With some trigonometry, it should be possible to approximate.
If you draw a right trangle ABC, with the camera at one of the legs (A), and the object at the far end (edge BC), where the right angle is (C), then the height of the object is going to be the height of leg BC. the distance to the pixel might be the distance of leg AC or AB. The Kinect sensor specifications are going to regulate that. If you get distance to the center of a pixel, then it will be AC. if you have distances to pixel corners then the distance will be AB.
With A representing the angle at the camera that the pixel takes up, d is the distance of the hypotenuse of a right angle and y is the distance of the far leg (edge BC):
sin(A) = y / d
y = d sin(A)
y is the length of the pixel projected into the object plane. You calculate it by multiplying the sin of the angel by the distance to the object.

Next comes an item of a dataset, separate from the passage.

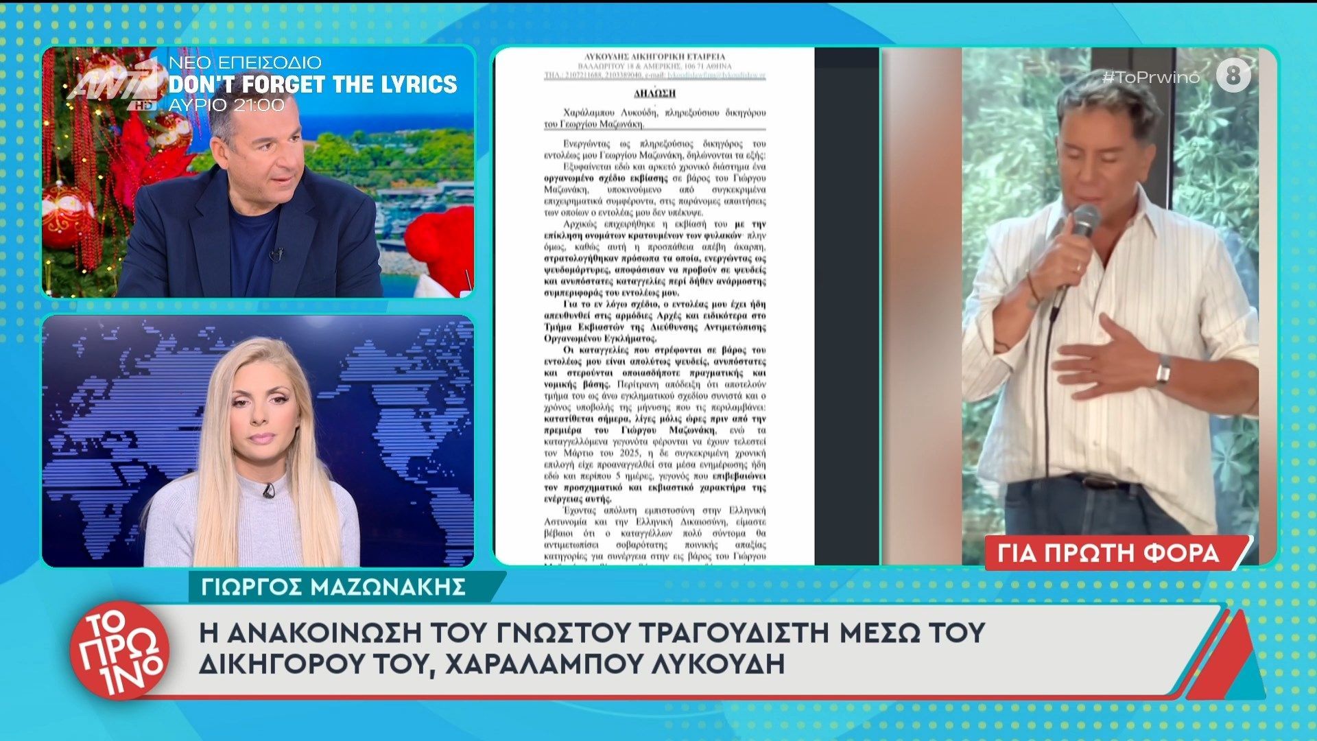 Γιώργος Μαζωνάκης: Η ανακοίνωση του γνωστού τραγουδιστή μέσω του δικηγόρου του

Here I confess I do not know the API of the kinect, and what level of detail it provides. You say you have the angle of the field of vision. You might assume each pixel of your 800x600 pixel grid takes up an equal angle of your camera's field of vision. If you do, then you can break up that field of vision into equal pieces to measure the linear size of your object in each pixel.
You also mentioned that you have the distance to the object. I was assuming that you have a distance map for each pixel of the 800x600 grid. If this is incorrect, some calculations can be done to approximate a distance grid for the pixels involving the object of interest if you make some assumptions about the object being measured.